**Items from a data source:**
━━━━━━━━━━━━━━━━

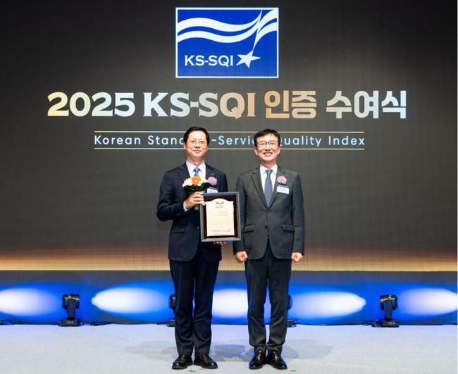 `2025 KS-SQI` 인증 수여식에 참석한 박희돈 대한항공 경영전략본부장(왼쪽)이 문동민 한국표준협회 회장과 기념 사진을 촬영하는 모습
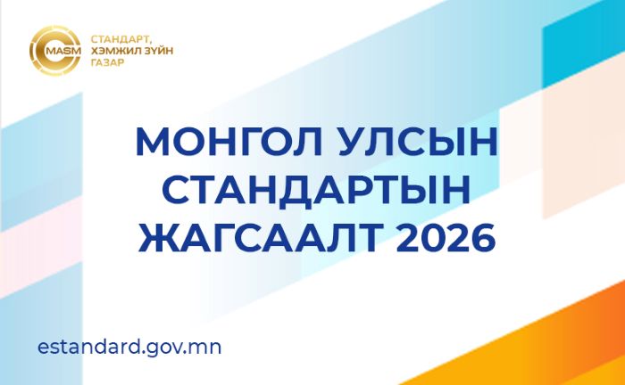 Энэхүү жагсаалт нь 2026 оны 02 дугаар сарын 06-ны байдлаар Монгол Улсын стандарт, техникийн зохицуулалтын улсын мэдээллийн нэгдсэн санд бүртгэлтэй хүчин төгөлдөр хэрэгжиж буй 6709 стандартын мэдээллийг олон улсын стандартын ангилалтын дагуу бүлэглэн ангилсан мэдээллийг агуулсан болно.
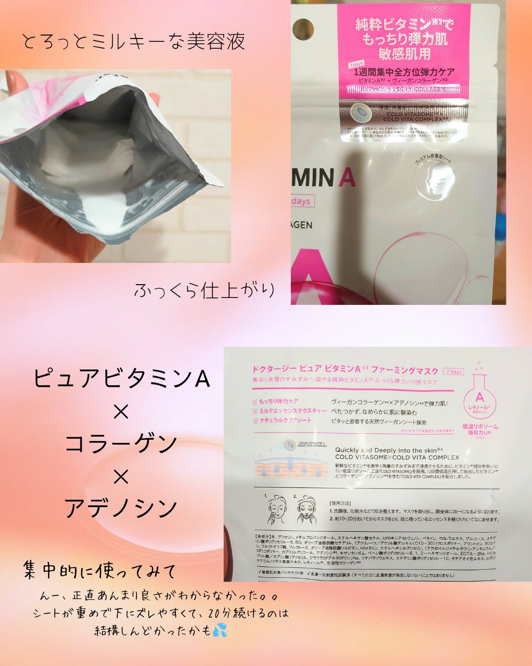 #PRDr.G様からプレゼントで頂きました🎁@dr.g_official_jpビタミンシリーズは、3種類!🩷ピュアビタミンAファーミングマスク ☑デイリーコラーゲンパック ☑もちもち弾力マスク💙ピュアビタミンB5モイスチャーライジングマスク ...
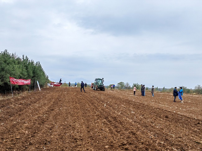 随后,满载新品种子的播种机开始忙碌起来,在工作人员的操作下,将新种一排排播种进示范田内。看着高产、高抗、优质的新品种小麦种子播种完成,种植户纷纷鼓起掌来。播种完成后,专家们走进示范田仔细查看播种情况,并对现场种植户进行专业指导。
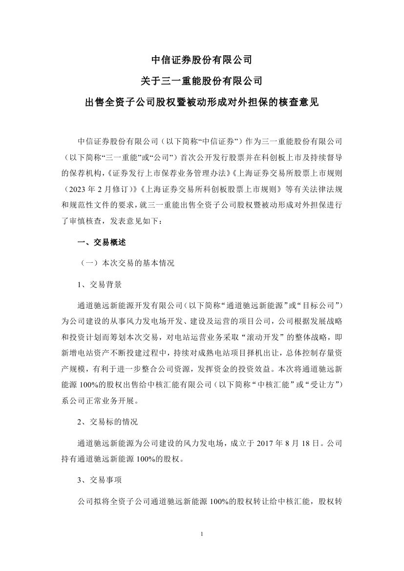 通道驰远新能源开发有限公司(以下简称“通道驰远新能源”) 为三一重能建设的从事风力发电场开发、建设及运营的项目公司,三一重能根据发展战略 和投资计划而筹划本次交易,对电站运营业务采取“滚动开发”的整体战略,即 新增电站资产不断投建过程中,持续对成熟电站项目择机出让,总体控制存量资 产规模,有利于进一步整合公司资源,发挥资金的投资效益。本次将通道驰远新 能源 100%的股权出售给中核汇能有限公司系公司正常业务开展。

━━━━━━━━━━━━━━━━

**PROBLEM DETAILS:**
Please retype only the lines from the line that holds "Энэхүү жагсаалт нь" through the end of the records, exactly as they stand, and drop every picture.

**TASK ANSWER:**
 Энэхүү жагсаалт нь 2026 оны 02 дугаар сарын 06-ны байдлаар Монгол Улсын стандарт, техникийн зохицуулалтын улсын мэдээллийн нэгдсэн санд бүртгэлтэй хүчин төгөлдөр хэрэгжиж буй 6709 стандартын мэдээллийг олон улсын стандартын ангилалтын дагуу бүлэглэн ангилсан мэдээллийг агуулсан болно.
 #PRDr.G様からプレゼントで頂きました🎁@dr.g_official_jpビタミンシリーズは、3種類!🩷ピュアビタミンAファーミングマスク ☑デイリーコラーゲンパック ☑もちもち弾力マスク💙ピュアビタミンB5モイスチャーライジングマスク ...
 随后,满载新品种子的播种机开始忙碌起来,在工作人员的操作下,将新种一排排播种进示范田内。看着高产、高抗、优质的新品种小麦种子播种完成,种植户纷纷鼓起掌来。播种完成后,专家们走进示范田仔细查看播种情况,并对现场种植户进行专业指导。
 通道驰远新能源开发有限公司(以下简称“通道驰远新能源”) 为三一重能建设的从事风力发电场开发、建设及运营的项目公司,三一重能根据发展战略 和投资计划而筹划本次交易,对电站运营业务采取“滚动开发”的整体战略,即 新增电站资产不断投建过程中,持续对成熟电站项目择机出让,总体控制存量资 产规模,有利于进一步整合公司资源,发挥资金的投资效益。本次将通道驰远新 能源 100%的股权出售给中核汇能有限公司系公司正常业务开展。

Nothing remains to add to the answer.